What kind of growth, what kind of degrowth: the case of Croatia revisited

My commentary on them is below.

Introduction – the situation in Croatia

Croatia came out of the former Yugoslavia in 1991 but, just over 20 years later, things in Croatia are not a whole lot better. The first ten years were marked by war, trauma and considerable damage to economic infrastructure. The privatisation was scarred by corruption that has left large parts of the population seething with rage at the injustice of what has happened, as well as leaving large parts of the economy, including agriculture, limping. Significant pockets of poverty and increasing inequality exist. After the first traumatic decade there was a sort of a recovery for a few years at the turn of the century before Croatia got dragged down by the global crash of 2007/8. It has barely recovered since. Unemployment is high. The country is about to join the EU, rather half heartedly. There is a foreign deficit, a government deficit and, to complete the picture, the IMF are on hand recommending austerity. In this context Igor fears social upheaval. He can only see growth as averting a social explosion because, he hopes, it will help create employment and allow a strengthening of the social fabric. The silver lining for Igor is that there are plenty of opportunities for this to be “green growth”.

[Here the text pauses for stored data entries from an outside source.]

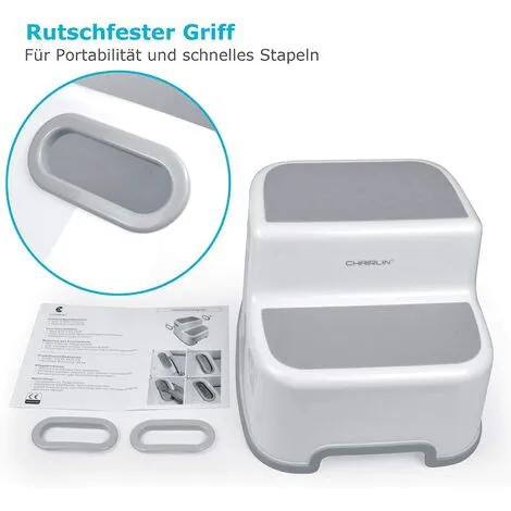 Non-slip The surface and bottom of the children’s step stool are non-slip rubber feet to ensure that the stool can stand firmly, has good friction force, can prevent the stool from slipping and sliding. The baby does not slip.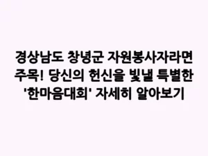 - 경상남도 창녕군 자원봉사자라면 주목! 당신의 헌신을 빛낼 특별한 ‘한마음대회’ 자세히 알아보기어려운 이웃을 위해 묵묵히 봉사해 오신 자원봉사자 여러분, 진심으로 감사합니다. 때로는 보이지 않는 곳에서 빛나는 땀과 노력에 지칠 때도 있으셨을 텐데요. 여러분의 헌신을 기억하고 격려하며, 더 많은 분들이 봉사의 기쁨을 나눌 수 있도록 지자체에서 특별한 자리를 마련했습니다. 바로 ‘자원봉사자 한마음대회’입니다. 이 행사가 어떤 의미를 가지고 여러분께 어떤 활력을 불어넣을지 … Read more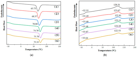Changes in the DSC curves of PBAT/TPHSg-4SiO2 composite films with the addition of TPHSg-4SiO2. (a) The first cooling process; (b) the second heating process. (1) Black: Pure PBAT; (2) Red: 90PBAT/10TPHSg-4SiO2; (3) Blue: 80PBAT/20TPHSg-4SiO2; (4) Green: 70PBAT/30TPHSg-4SiO2; (5) Purple: 60PBAT/40TPHSg-4SiO2; (6) Brown: 50PBAT/50TPHSg-4SiO2.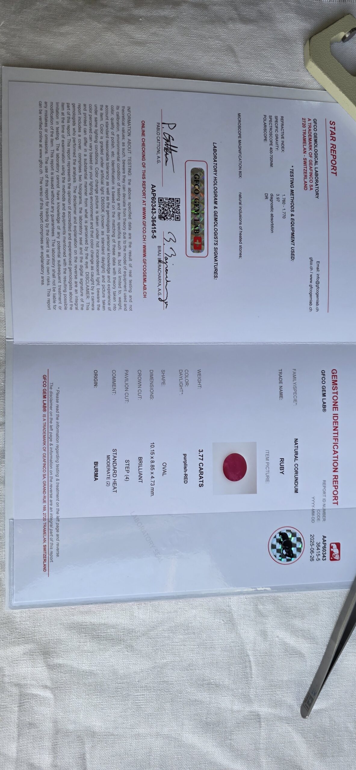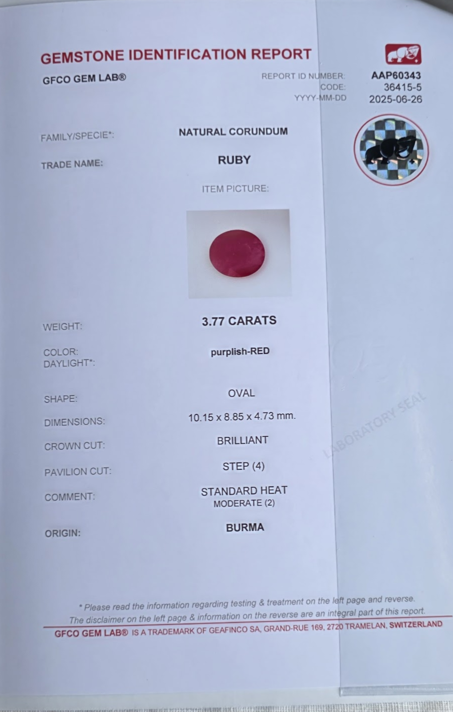 This exquisite Natural Ruby weighs 3.77 carats and is crafted in a classic oval cut. With dimensions of 10.15 × 8.85 × 4.73 mm, it hails from Burma (Myanmar), a world-renowned source of fine-quality rubies celebrated for their vivid color and brilliance.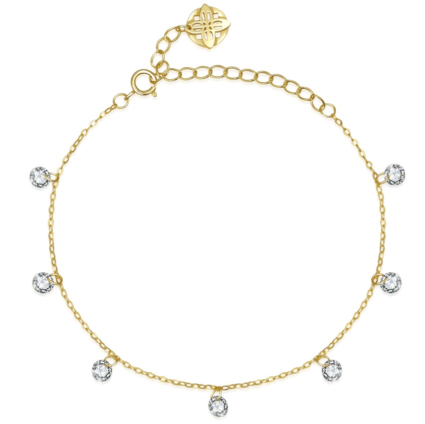 צמיד Gleam עשוי כסף 925 בציפוי זהב 14 קראט, עם 7 זרקונים קדוחים ואורך מתכוונן.

The fact is though that Croatia is a wealthy country by global standards, partly at the expense of its environment. Research by Group 22 members shows that Croatia’s ecological footprint exceeded its bio-capacity in 2007 – the amount involved means effectively that Croatia’s population requires 3/4 of “another Croatia” to maintain its lifestyle. Croatia is by no means the worst performer in environmental terms but its economy is not sustainable nonetheless – even though the population see the environment as having the lowest ranking among their priorities. In its external imbalances (trade deficits) and budget deficits Croatia is not different from many countries on the periphery of europe. The austerity recommendations of the IMF are not different in Croatia to elsewhere, except perhaps in magnitude. In Greece, Italy, Spain. Portugal, Baltic and eastern European countries, and in Ireland too, there is growing unemployment. Youth unemployment is high in these countries, there are social security cuts, a growth of poverty and insecurity, inequality and seething discontent. In many of these countries too the governing elite are repeatedly rocked by corruption scandals.

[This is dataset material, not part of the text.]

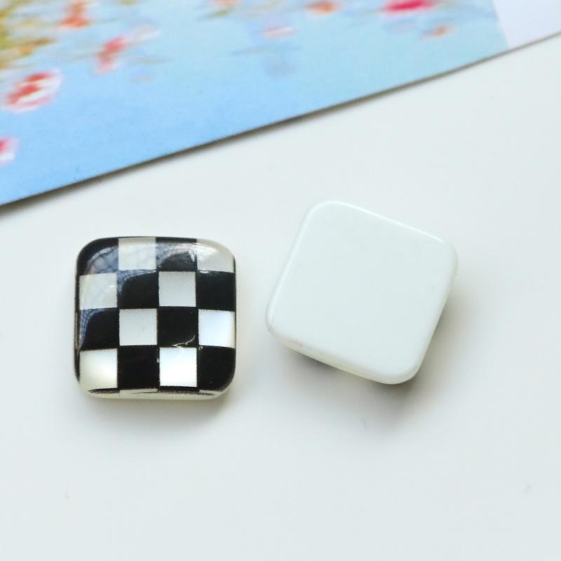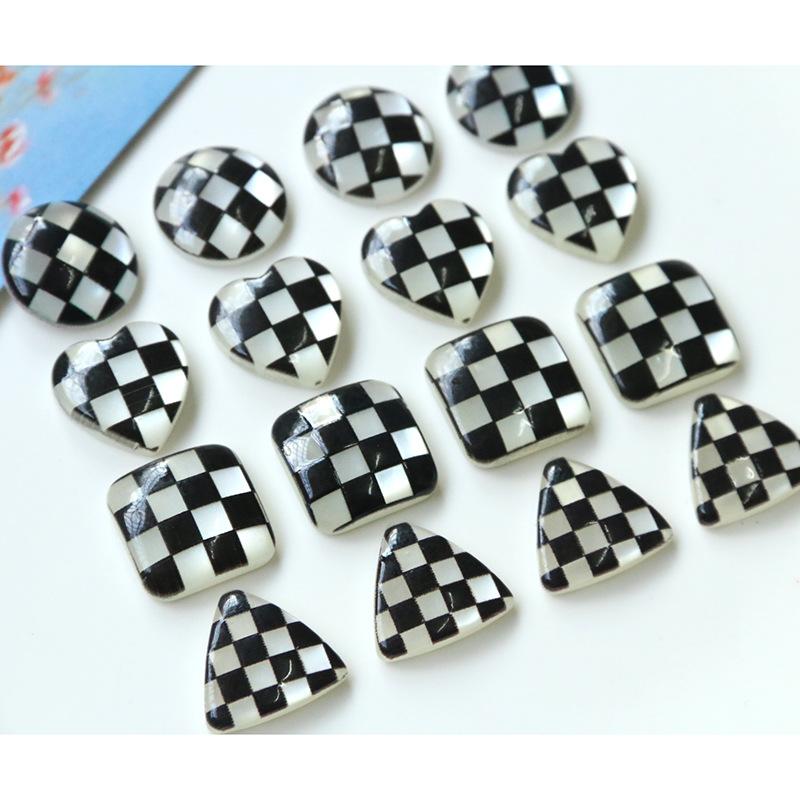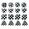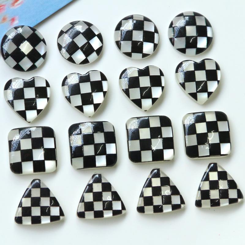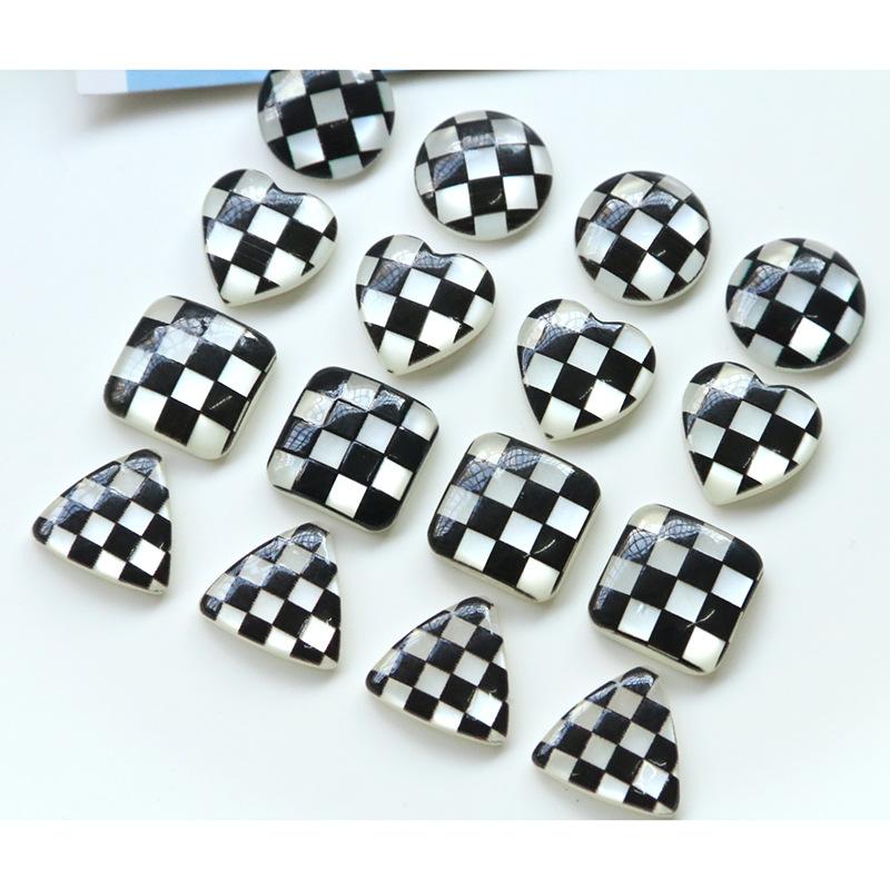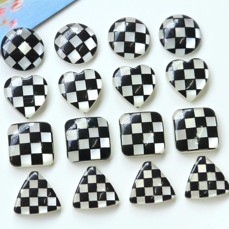 Parche de resina con diseño de tablero de ajedrez en blanco y negro, con diseño geométrico redondo y cuadrado, imitación de ojo de gato, accesorios para pendientes, pinzas para el pelo, funda para teléfono móvil

The point here is that if degrowth is not possible in Croatia, which at least has its own currency, then the same logically surely applies in many other places. If degrowth is not possible in Croatia degrowth is never going to be possible anywhere until the problems of all of these societies ease. And to achieve that will these countries need to grow too? What will then happen to global and local environments?

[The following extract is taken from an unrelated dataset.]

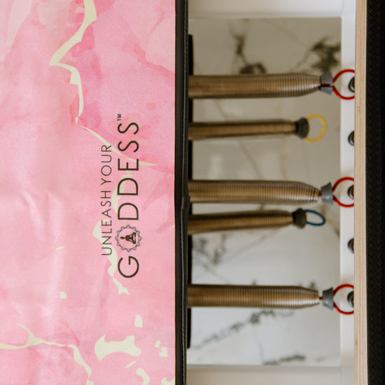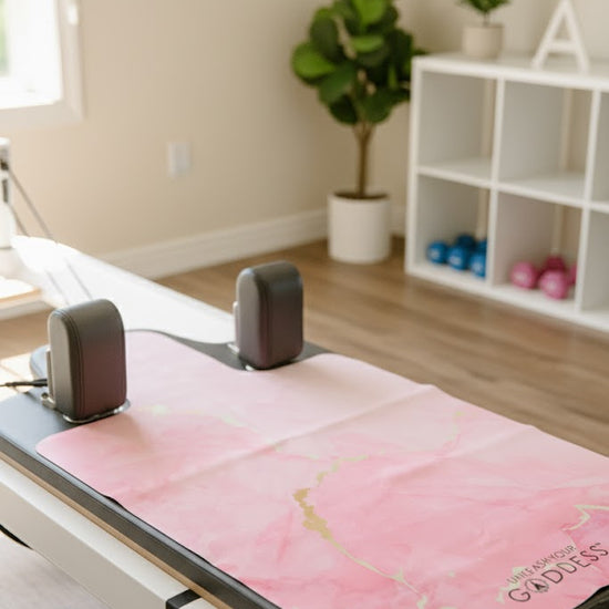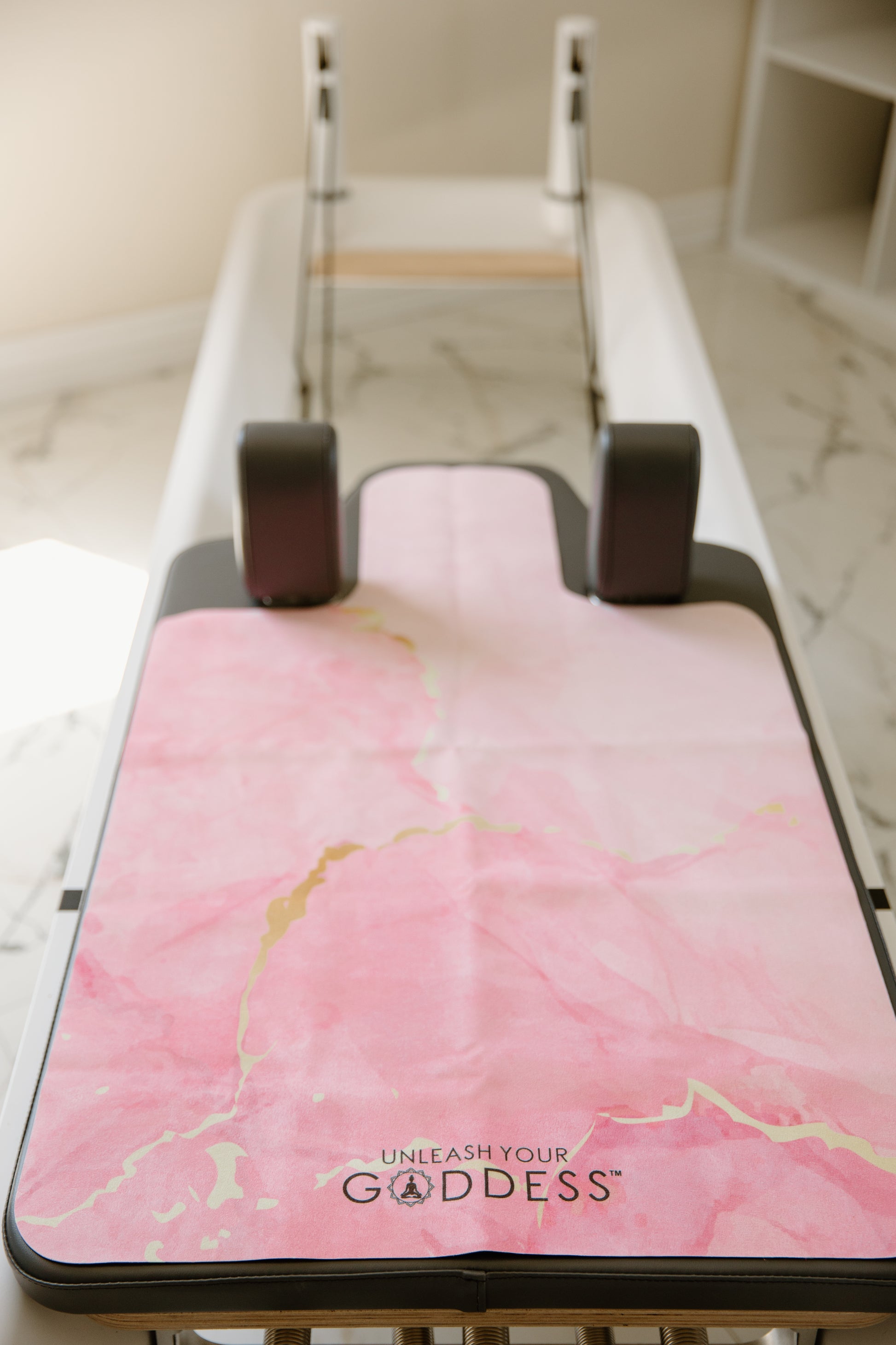 Experience the elegance of our Glow Aura Reformer Mat. This limited-edition luxury mat is designed to bring a touch of sophistication to your workout space. With its pink and gold hues, it exudes a radiant goddess energy that will inspire your fitness journey. Made with high-quality materials, it provides a comfortable and durable surface for your workouts. Elevate your fitness experience with this stunning mat.

There are different ways of thinking about the current crisis in Croatia, as well as the crisis in the other countries. One way is to consider the possibility that growth is over anyway. Growth has been made possible by humanity using a mass of devices powered by fossil fuels but, now that fossil fuels are increasingly expensive to extract, an ever larger proportion of national income has to go to pay for the same energy throughput. Perhaps on the other hand this idea is not right – perhaps new technologies to extract shale gas, or to extract methane hydrates from the sea bed, will bring the future price of energy down. What is not in doubt is that the costs of growth are growing and exceeding the benefits – for example food prices are put up by climate change impacts on harvests. We urgently need to look for a different development model that works in the new situation.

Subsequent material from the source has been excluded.